Gerçek teröristlerin; şehirlerde bulunan yüksek
binaların en üst katlarında, pahalı takım elbiseleriyle bizleri izlediği
gerçeğini, hemen herkes çoklu bir muhabbet ortamında işitmiş ve gerçekliğine
inanmıştır. Buna göre dağlarda, karanlık yerlerde saklanan eşkıya güruhu,
gerçek teröristlerin tetikçileri, ellerini yakmamak için kullandıkları maşaları
olabilir ancak. Fakat zaman içerisinde, maşalarda seviye atlayarak sahiplerine
benzeyebilir.
Kim oldukları, gerçek hedeflerinin
ne olduğu gibi sorular çoğu zaman havada asılı kalsa da, yine çoğu kişi bilir
ki; yeryüzü zenginliklerinin, enerji kaynaklarının başında oturmak maddi
hedeflerinin başında gelir. Diğer yandan, sapkın ideolojilerini dünyaya hâkim
kılmak gibi şeytani bir hedefleri daha vardır. Her iki hedeflerinin de önüne
çıkabilecek tek engelin, şuurlu Müslümanlar olduğunu bilirler. Yeryüzünde
adaletin son temsilcisi olan Osmanlı İmparatorluğu yıkıldığından beri,
Müslümanların yaşadığı coğrafyalarda akan kanın eksik olmamasının sebebi budur.
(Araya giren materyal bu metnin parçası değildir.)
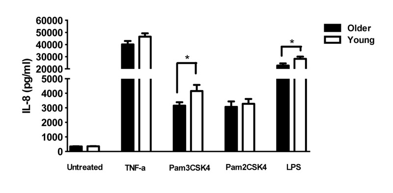 To determine the consequences of the lower levels of TLR1 on PMN in older adults, we quantified the production of cytokines from PMN of younger and older adults after stimulation by TLR ligands. PMN stimulated with ligands for TLR1 (Pam3CSK4) produced significantly higher IL-8 compared to PMN in medium alone, as expected [22],but levels from elderly adults were significantly lower than those from younger adults (Fig 3; p <0.05). Lower TLR1-induced cytokine production would be expected as a consequence of age-related reduced TLR1 expression. In contrast, stimulation with Pam2CSK4, the ligand for TLR2, elicited equivalent levels of IL-8 from PMN of both age groups (Fig. 3), likely reflecting the equivalent levels of TLR2 across age groups. Of note, production of IL-8 by PMN from older adults was also reduced after stimulation with LPS, the ligand for TLR4 (Fig. 3).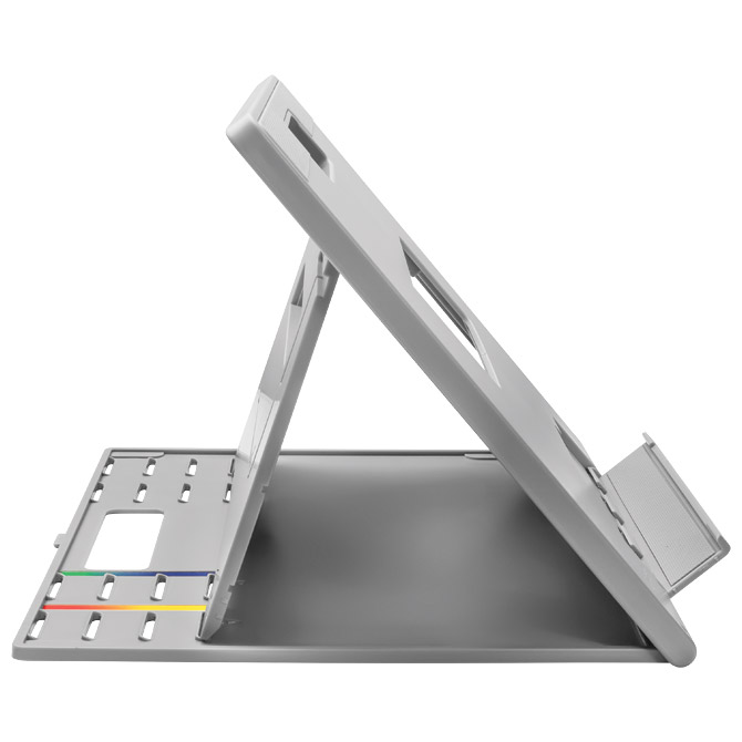 Elegantna 2-v-1 zasnova je nastavljiva po višini in kotu za izboljšanje telesne drže Spodbuja pravilno poravnavo oči in podpira udobje vratu in ramen, hkrati pa ohranja notranje komponente prenosnika hladne Protizdrsne blazinice preprečujejo, da bi stojalo zdrsnilo naprej Blazinice zagotavljajo varno namestitev vaše naprave. Tanka zložljiva zasnova je idealna za potovanja uporablja se z zunanjo tipkovnico in miško podpira 17-palčne standardne in igralne prenosnike Garancija: 2 leti. Z nastavljivim ergonomskim stojalom za prenosni računalnik in hladilno podlogo Kensington® SmartFit® Easy Riser™ Go združite ergonomske prednosti dviga zaslona s tehnološkimi prednostmi izboljšanega pretoka zraka za prenosni računalnik.

Azınlık olan ama çoğunluğu yöneten
bu kesim, daha da belirginleştirmek gerekirse bu aileler bizim ülkemizde de
oldukça etkindir. Osmanlı’nın batışında onlar vardır. Siyaset sahnemizde…
Bankacılık sektörümüzde… Madenlerimizde… Tarımımızda… Hayvancılığımızda…
Planlarını uzun zamana yayarlar ve uygulama aşamasında kendilerine hizmet
edecek, satın alınabilecek kişileri tespit etmekte oldukça mahirdirler. Yani
ellerini kirletmez, senaryosunu yazdıkları olayları taşeron vasıtasıyla
gerçekleştirirler. Ve bu maşaların sonu; yakalansın yahut yakalanmasın dört
duvar arasında ömür tüketmektir.
Sağ köşesindeki saat ikonuna göz
attıktan sonra, bilgisayarına kapat komutu verdi Halil İbrahim. Ağır adımlarla
evin mutfağına doğru yöneldi. Bir süre tezgâhın üzerine göz attı. Gözüne
kestirdiği kaçerolayı aldı ve eliyle tartarak iş göreceğine kanaat getirdi.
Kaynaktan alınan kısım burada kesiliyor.